To understand authorization in Kubernetes and how Rancher builds on top of it, one must understand these concepts: roles, clusterRoles, roleBindings, and clusterRoleBindings. As their names imply, these concepts are very similar, but apply to different scopes.
A role is scoped to a namespace. That means it was created in a namespace and can only be referenced by a roleBinding inside that namespace. A roleBinding creates an association between a user, group, or service account (known as a subject in kubernetes) and a role in a namespace. It effectively says User X has Role Y in Namespace Z, or to give a concrete example: Sarah is allowed to create, update, and delete deployments in the “dev” namespace.
A clusterRole looks and acts very similar to a role. The only difference is that it is not namespaced. It is defined at the cluster level. Similarly, a clusterRoleBinding is the non-namespaced version of a roleBinding. When you create a clusterRoleBinding, you are giving the specified subject(s) those permissions across the entire cluster, in every namespace.
NOTE: A roleBinding can reference either a role or clusterRole. Regardless of the type of role it references, the permissions only apply to the namespace in which the rolebinding resides.
With this understanding of the underlying Kubernetes concepts in place, we can now discuss how Rancher uses and enhances them to create a robust and easy to use authentication and authorization system.
Rancher Authentication and Authorization
One of our main goals for Rancher 2.0 is to help system administrators run multiple heterogeneous kubernetes clusters. Those clusters can come from any combination of cloud providers or on-prem solutions. This creates many interesting authentication and authorization challenges. The key ones we identified and have addressed are:
How do you have a unified authentication experience across different types of clusters?
How do you manage users and permissions across clusters?

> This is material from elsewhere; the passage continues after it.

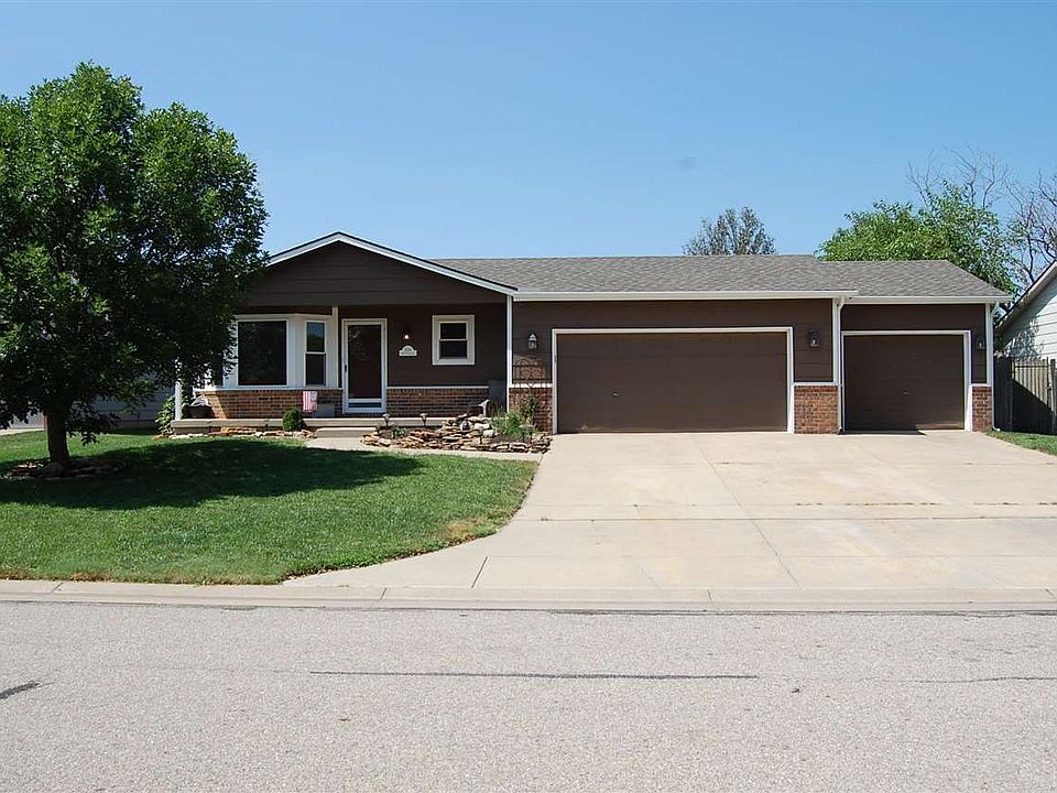NEW! NEW! NEW! New CARPET in the main floor bedrooms and stairway. New ROOF and New GUTTERING. Almost New WINDOWS and SIDING. This is the perfect New HOME for your family. Located in the much desired Goddard School District, this 5 bedroom, 2 full bath home is move in ready. The main floor master bedroom has a walk-in closet and full bath. The basement is perfect for entertaining with a large family room that is great for movie or game night. The bathroom is plumbed and ready for the new owners to custom finish. The backyard is has a patio and sprinkler system. But wait...it get's better! The pull through over-sized 3 (YES 3) car garage has a full set of built in cabinets for the handy man or woman of the house. HURRY, HURRY, HURRY! Make this your NEW home today.

How do you enable a “self-service” approach to utilizing clusters while still maintaining an appropriate level of control?
How do you prevent users from gaining too much access to the underlying infrastructure resources in environments of low trust?
Each of these challenges will be discussed below.
To achieve a unified authentication experience that works across clusters, we designed the Rancher server as the central point for all authentication. Administrators need only configure their authentication provider once in Rancher and it will be applied everywhere. Rancher then acts as an authentication proxy sitting in front of all requests that go to the Kubernetes clusters.
Because most cloud providers do not expose the necessary hooks to plug into Kubernetes’ various authentication strategies, Rancher’s authentication proxy sits outside and independent of the clusters. It performs the necessary authentication, gathers the user’s identity and any groups, and then forwards the request to the appropriate cluster using user impersonation to act as that user. Standard Kubernetes bearer tokens are used as the means for authentication, so our proxy plugs seamlessly into existing Kubernetes tools such as kubectl.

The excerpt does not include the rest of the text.